┌────────

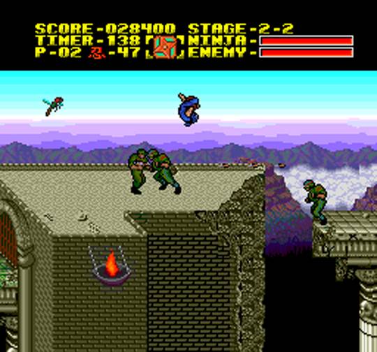 A ação corre um pouco mais veloz e o posicionamento de certos adversários foi trocado. Isso não torna o jogo ainda mais difícil (o que seria calamitoso!), pelo contrário: o ato 6-2, ilustrando, que era terrível de atravessar no NES, ficou significativamente menos problemático no PCE. Morcegos e águias, sempre prontos para agredi-lo assim que Ryu pisa na beirada de plataformas para onde acaba de pular, muitas vezes foram realocados mais atrás, deixando de interferir tanto no seu progresso. Alguns trechos que eram simplórios podem estar com dificuldade acrescida, no entanto. No balanço geral, Ninja Gaiden teve sua dificuldade amansada.
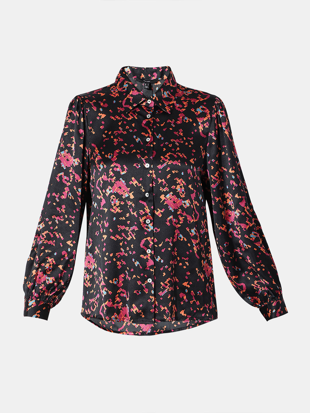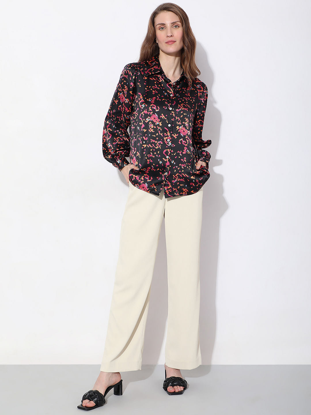 Women's black abstract print full sleeves shirt. Style it with wide-leg jeans for a casual look or trousers for a more formal attire.
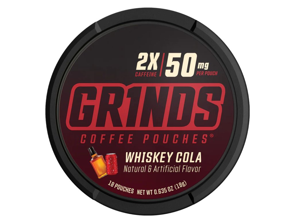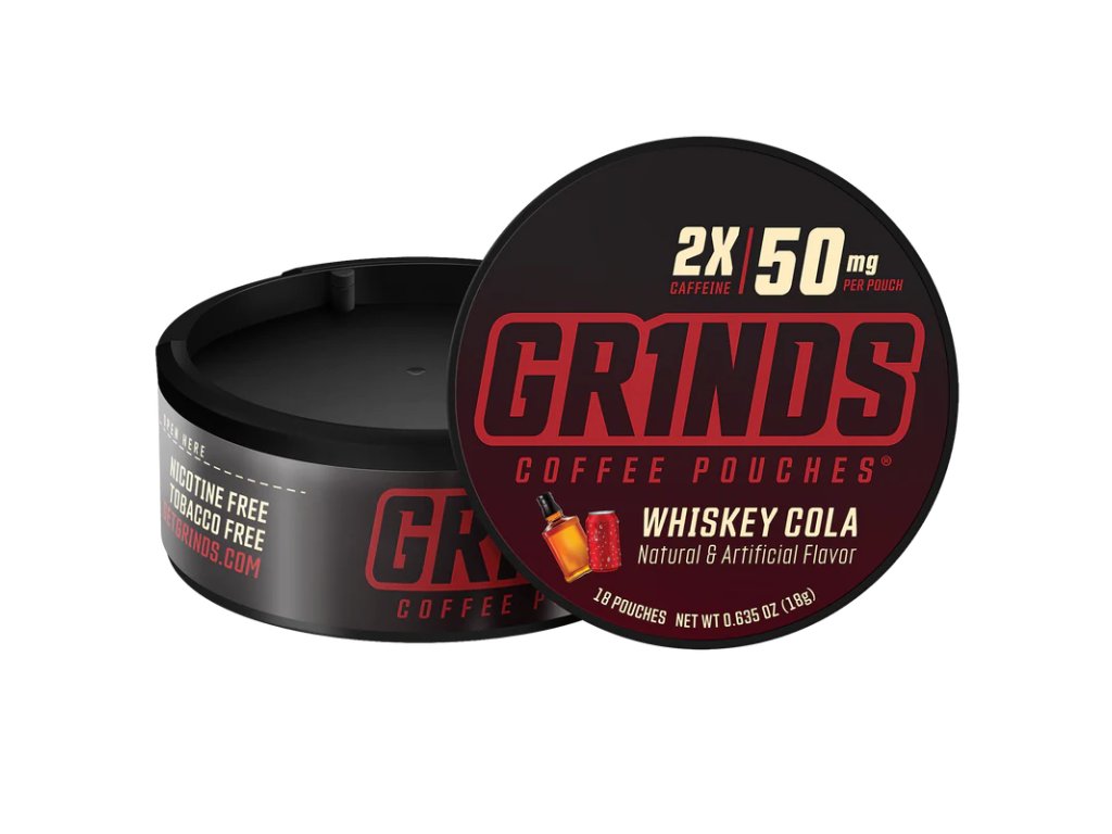 Coffee pouches from the American brand Grinds with an amazing flavor mix of iconic whiskey and sweet cola.
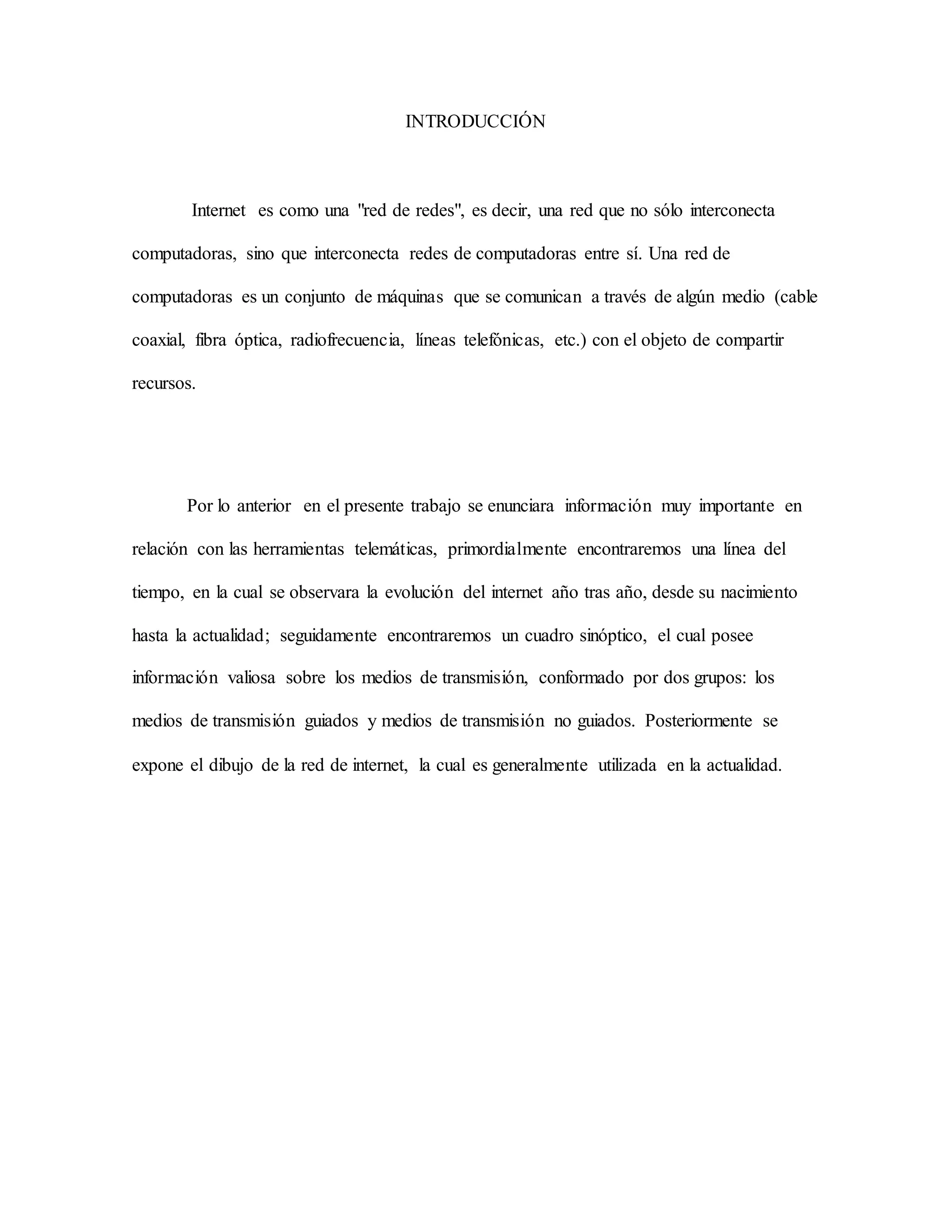 Este documento presenta información sobre las herramientas telemáticas, incluyendo una línea de tiempo sobre la evolución de Internet, un cuadro con los medios de transmisión guiados y no guiados, y un diagrama de la red de Internet. Concluye que es importante conocer cómo funciona Internet y los medios necesarios para acceder a él.
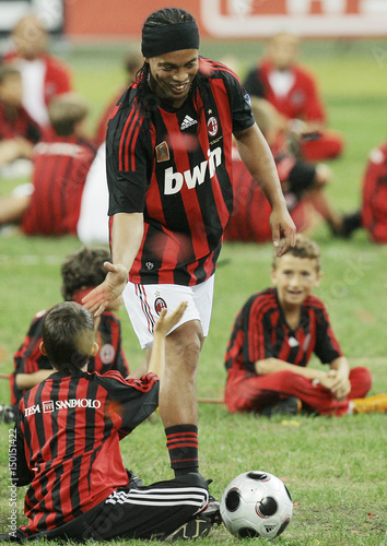 Ac Milan S Newly Signed Player Ronaldinho Greets Children
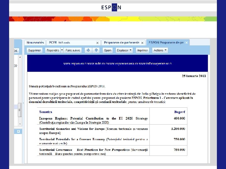 Minimul necesar: mini CV-ul instituţiei şi tema de interes în ESPON (în limba engleză)
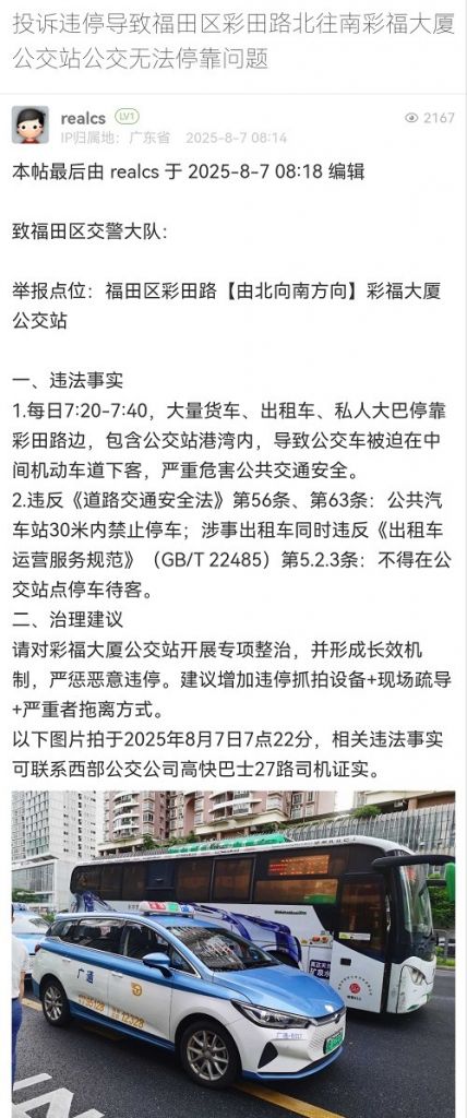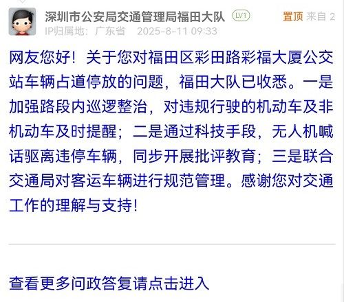 16. 帖文《投訴違停導(dǎo)致福田區(qū)彩田路北往南彩福大廈公交站公交無(wú)法??繂栴}》
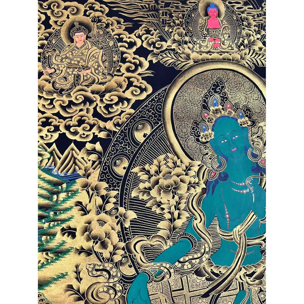 About Green Tara Thangka Art This Thangka painting depicts Green Tara, a Buddhist deity associated with enlightened activity and abundance. Green Tara is often regarded as a Bodhisattva or Buddha of compassion and action, a protector who relieves physical, emotional, and spiritual suffering. In Buddhism, her name, Tara, means "She Who Leads Across," referring to her role in liberating humanity from Samsara, the Ocean of Illusion.
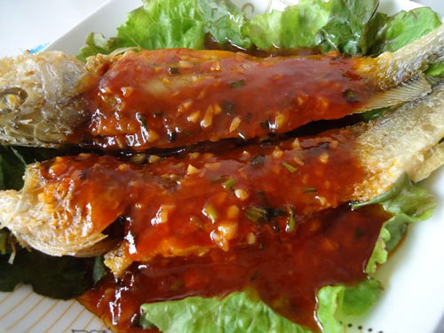 端午吃黄鱼,油炸过在用番茄酱喷一下好吃极了。
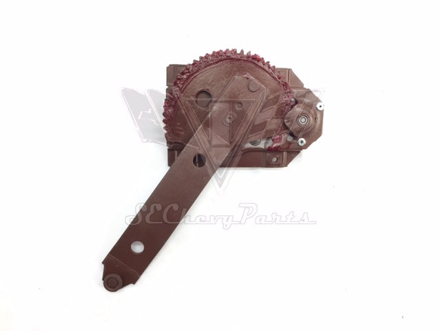This 1959-1964 Chevy Impala Convertible OEM RIGHT/PASSENGER'S SIDE Quarter Window Regulator is an original GM part that has been fully restored. We replace any gears or nylon rollers that are broken or worn down. Often the springs are broken or the main rivet is loose causing the regulator to fail to raise the window all the way up. In this case, we install new springs or rivets so as to ensure that the regulator will work properly. When we get done with them they look and function like new.
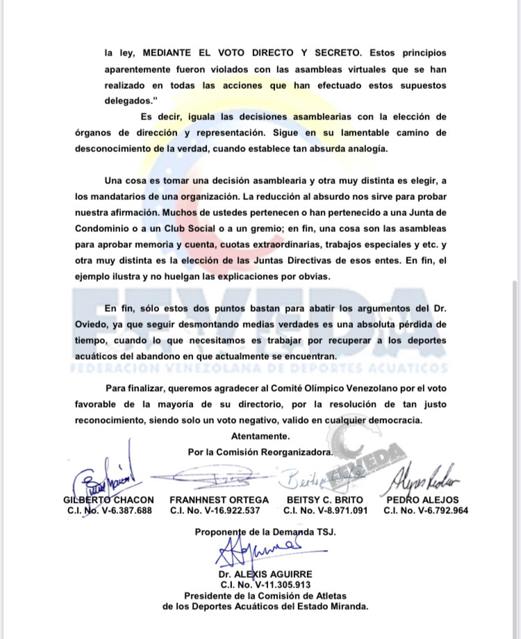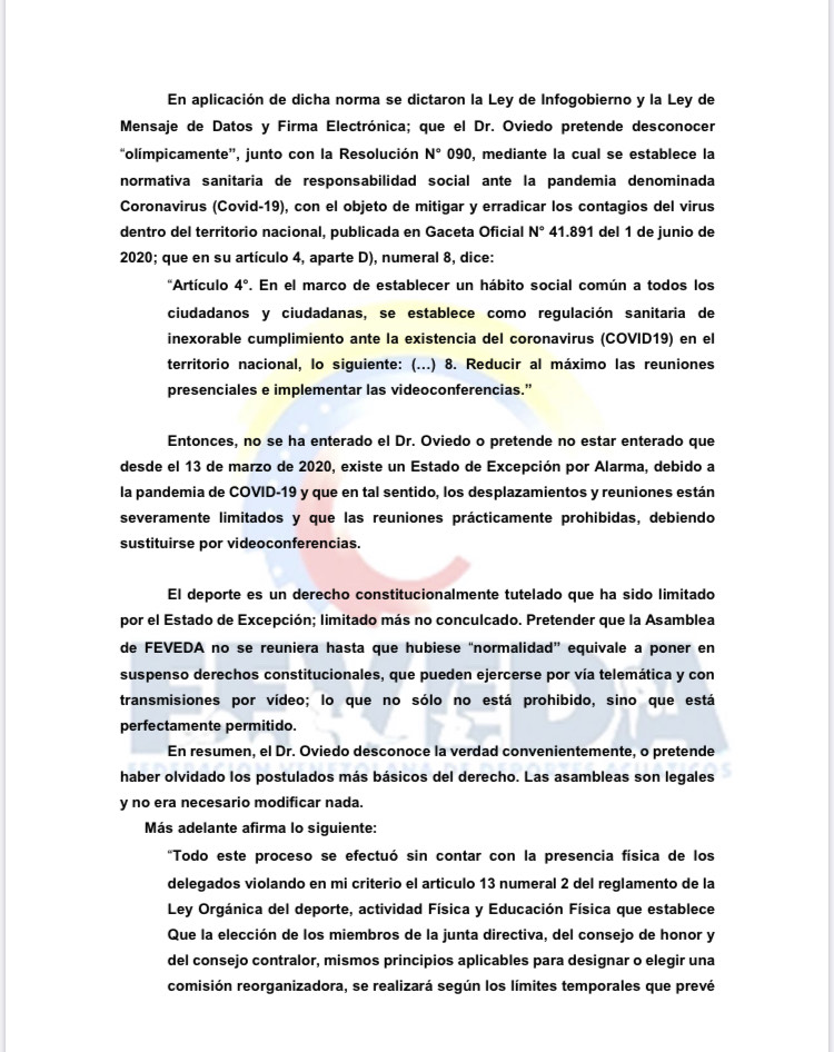 Dlysports La situación de asedios a las asociaciones deportivas en Venezuela continúan haciendo presente en el inicio del año 2021. La junta organizadora de FEVEDA comprendida por 17 asociaciones , representando más del 80 % de la estructura asociativa del país suramericano, repudian la acción del abogado Marcos Oviedo , dirigente del ala opositora en Venezuela que creó alianzas con grupos oficiales para interferir federaciones nacionales , en una fragante acción de asedios que pone en riesgo la institucionalidad deportiva del deporte en Venezuela. Para las autoridades provisionales de la Federación de deportes acuáticos, es sorpresivo la actitud de quien viene formando parte del Comité Olímpico Venezolano y ahora ataca con sus acciones, la propia esencia que rige al movimiento olímpico. A continuación el documento circulado en Venezuela. Fuentes cercana a las autoridades provisionales , aseguran que tanto el Comité Olímpico Venezolano como reuniones ante autoridades de organizaciones internacionales del deporte están al tanto del asedio dirigido contra la Federación Venezolana de Deporte Acuáticos .
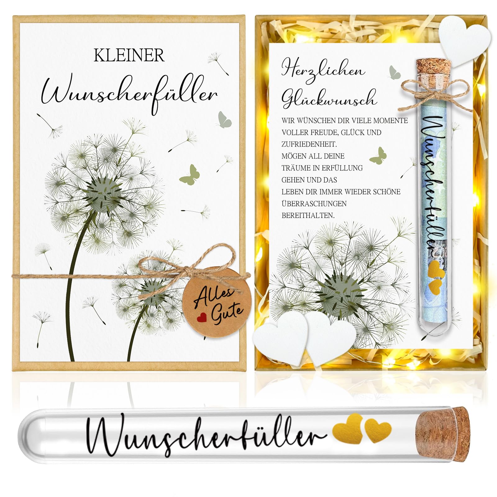 Wow, diese Wunscherfüller-Geschenkbox ist einfach magisch! Perfekt für Geldgeschenke zu Weihnachten, Geburtstag oder Silvester. Im hübschen Löwenzahn-Design symbolisiert sie Hoffnung und neue Chancen. Das komplette Set enthält alles, was du brauchst: Aufkleber, Grußkarten, Juteschnur, warmweiße LED-Lichterkette, Raffia, Glasröhrchen und weiße Herzen. Einfach das Geld ins Glasröhrchen stecken und dein persönliches Kunstwerk gestalten! Die LED-Lichter sorgen für eine gemütliche Atmosphäre und machen das Geschenk zum absoluten Hingucker. Die Box misst 18x12x3 cm - ideal für Banknoten oder Gutscheine. Viel mehr als nur Geld - es transportiert echte Emotionen und Wertschätzung. Dein Geschenk wird garantiert in Erinnerung bleiben!

└────────

Retype the records exactly. Any image in them should not appear in what you write.

 A ação corre um pouco mais veloz e o posicionamento de certos adversários foi trocado. Isso não torna o jogo ainda mais difícil (o que seria calamitoso!), pelo contrário: o ato 6-2, ilustrando, que era terrível de atravessar no NES, ficou significativamente menos problemático no PCE. Morcegos e águias, sempre prontos para agredi-lo assim que Ryu pisa na beirada de plataformas para onde acaba de pular, muitas vezes foram realocados mais atrás, deixando de interferir tanto no seu progresso. Alguns trechos que eram simplórios podem estar com dificuldade acrescida, no entanto. No balanço geral, Ninja Gaiden teve sua dificuldade amansada.
 Women's black abstract print full sleeves shirt. Style it with wide-leg jeans for a casual look or trousers for a more formal attire.
 Coffee pouches from the American brand Grinds with an amazing flavor mix of iconic whiskey and sweet cola.
 Este documento presenta información sobre las herramientas telemáticas, incluyendo una línea de tiempo sobre la evolución de Internet, un cuadro con los medios de transmisión guiados y no guiados, y un diagrama de la red de Internet. Concluye que es importante conocer cómo funciona Internet y los medios necesarios para acceder a él.
 Ac Milan S Newly Signed Player Ronaldinho Greets Children
 Minimul necesar: mini CV-ul instituţiei şi tema de interes în ESPON (în limba engleză)
 16. 帖文《投訴違停導(dǎo)致福田區(qū)彩田路北往南彩福大廈公交站公交無(wú)法??繂栴}》
 About Green Tara Thangka Art This Thangka painting depicts Green Tara, a Buddhist deity associated with enlightened activity and abundance. Green Tara is often regarded as a Bodhisattva or Buddha of compassion and action, a protector who relieves physical, emotional, and spiritual suffering. In Buddhism, her name, Tara, means "She Who Leads Across," referring to her role in liberating humanity from Samsara, the Ocean of Illusion.
 端午吃黄鱼,油炸过在用番茄酱喷一下好吃极了。
This 1959-1964 Chevy Impala Convertible OEM RIGHT/PASSENGER'S SIDE Quarter Window Regulator is an original GM part that has been fully restored. We replace any gears or nylon rollers that are broken or worn down. Often the springs are broken or the main rivet is loose causing the regulator to fail to raise the window all the way up. In this case, we install new springs or rivets so as to ensure that the regulator will work properly. When we get done with them they look and function like new.
 Dlysports La situación de asedios a las asociaciones deportivas en Venezuela continúan haciendo presente en el inicio del año 2021. La junta organizadora de FEVEDA comprendida por 17 asociaciones , representando más del 80 % de la estructura asociativa del país suramericano, repudian la acción del abogado Marcos Oviedo , dirigente del ala opositora en Venezuela que creó alianzas con grupos oficiales para interferir federaciones nacionales , en una fragante acción de asedios que pone en riesgo la institucionalidad deportiva del deporte en Venezuela. Para las autoridades provisionales de la Federación de deportes acuáticos, es sorpresivo la actitud de quien viene formando parte del Comité Olímpico Venezolano y ahora ataca con sus acciones, la propia esencia que rige al movimiento olímpico. A continuación el documento circulado en Venezuela. Fuentes cercana a las autoridades provisionales , aseguran que tanto el Comité Olímpico Venezolano como reuniones ante autoridades de organizaciones internacionales del deporte están al tanto del asedio dirigido contra la Federación Venezolana de Deporte Acuáticos .
 Wow, diese Wunscherfüller-Geschenkbox ist einfach magisch! Perfekt für Geldgeschenke zu Weihnachten, Geburtstag oder Silvester. Im hübschen Löwenzahn-Design symbolisiert sie Hoffnung und neue Chancen. Das komplette Set enthält alles, was du brauchst: Aufkleber, Grußkarten, Juteschnur, warmweiße LED-Lichterkette, Raffia, Glasröhrchen und weiße Herzen. Einfach das Geld ins Glasröhrchen stecken und dein persönliches Kunstwerk gestalten! Die LED-Lichter sorgen für eine gemütliche Atmosphäre und machen das Geschenk zum absoluten Hingucker. Die Box misst 18x12x3 cm - ideal für Banknoten oder Gutscheine. Viel mehr als nur Geld - es transportiert echte Emotionen und Wertschätzung. Dein Geschenk wird garantiert in Erinnerung bleiben!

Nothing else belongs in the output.